Этим всем скотом владеет, негодяй!

Слуги мы его, — что ведает чабан?

Мало ль, что еще затеет негодяй!

Угнетеньем богатеет негодяй!..

Раскормленные бараны всю степь заполнили. Проезжает мимо несметного скота Алпамыш, — удивляется: семь лет в темнице проведя, забыл он про такие богатства.

Едет он, едет, видит — на краю стада стоит почтенного вида белобородый человек, плачет, в горькой тоске восклицая:

— Э, с ребенком своим любимым разлучился я, — нет на старости покоя душе моей!

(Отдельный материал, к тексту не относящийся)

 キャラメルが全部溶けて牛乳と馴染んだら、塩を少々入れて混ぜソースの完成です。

Взглянул Алпамыш, — узнал его: был это Култай-старик, друг его дорогой. Подъехал к нему Алпамыш, неузнавшим притворился, спрашивает:

— Дедушка, о чем рыдаешь, слезы льешь?

Верблюжонком, что на старости ревешь?

Печень просолишь и сердце разорвешь!..

Ты дитя ль какое ищешь — не найдешь?

Небо ль на тебя обрушило печаль?

Вспомнился ли кто, давно ушедший вдаль?

Иль умершего тебе ребенка жаль?

Сын твой или внук? Узнать о том нельзя ль?

Отвечает ему старый Култай:

— Ой! Мною оплакиваемый — не сын и не внук мой, — он сын Байбури. Были мы с ним друзьями большими. Алпамыш его имя. Между чужими слыл он сыном Култая, между своими — был его рабом дед Култай. Как хочешь — так и считай. Ушел он на чужбину, — там и погиб. Такие богатства перешли к Ултану! Об этом думая, не перестану я плакать…

Сказал Алпамыш:

— Э, дед, если я тебе Алпамыша покажу, что ты дашь мне за это?

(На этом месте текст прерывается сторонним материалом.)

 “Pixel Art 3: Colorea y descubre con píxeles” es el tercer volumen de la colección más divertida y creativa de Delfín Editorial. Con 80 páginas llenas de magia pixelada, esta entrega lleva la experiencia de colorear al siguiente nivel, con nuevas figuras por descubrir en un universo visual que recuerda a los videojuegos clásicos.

Рассердился Култай, — ответил:

— Требуху горячую брата его младшего! Алпамыш сказал:

— Взгляни-ка, я на кого похож, дедушка?

— На могилу мою ты похож! — сердито закричал Култай. — Много бродяг, тебе подобных, приходило к нам, — каждый говорил, что от Алпамыша весть принес. Сколько на радостях подарков мы роздали им, сколько пожрали они барашков и коз, а потом уходили! Каждый думал: «Приду-ка и я, скажу: „Алпамыш!“ Култай поверит — что-нибудь мне даст, — в дураках останется. Видно, и ты задумал обманом козу получить, а получишь — уйдешь своим путем. Еще и тебя принесло нам на горе!»

— Э, дед Култай! — рассмеялся Алпамыш. — Не узнал ты меня. У Алпамыша твоего не было ли отметины какой-нибудь?

Ответил Култай: — У Алпамыша на правом плече был святой пятерни отпечаток.[44]

Оголил Алпамыш плечо свое, посмотрел Култай, — закричал:

— Ой, ты сам и есть ребенок милый мой!

Ты не снег ли чистый с той горы крутой?

В караване ль верблюжонок молодой?

Ока моего зрачок, ты вновь со мной,

Господин народа и страны родной!..—

И вокруг Хакима, восклицая так,

Ходит дед Култай, его любовно чтя:

— Это ты ль, мое любимое дитя!

Ты ушел — и все мы, по тебе грустя,

Верблюжатами ревели день и ночь.

Где тебя найти и как тебе помочь?!

Думали — погиб во вражеской дали,

Думали, что ветры прах твой размели.

Но теперь, из дальней возвратясь земли,

Вражью грудь пронзи — и солью просоли!..

Благ былых найти в Конграте не мечтай, —

Беды да обиды кровные считай.

На меня взгляни, мой дорогой сынок, —

Выплакал глаза твой старый дед Култай!.. —

Плача, он Хакима к сердцу прижимал:

— Ты, сынок, в плохое время к нам попал, —

Свищет над Конгратом Ултантаза плеть.

На его дела немыслимо глядеть,

Поглядишь — и сам не сможешь утерпеть…

— А теперь дело такое: тридцать дней уже идет свадебный той Ултантаза, — жену твою взять он намерен. Если бездействуя сидеть будешь, так он ведь своего и добьется!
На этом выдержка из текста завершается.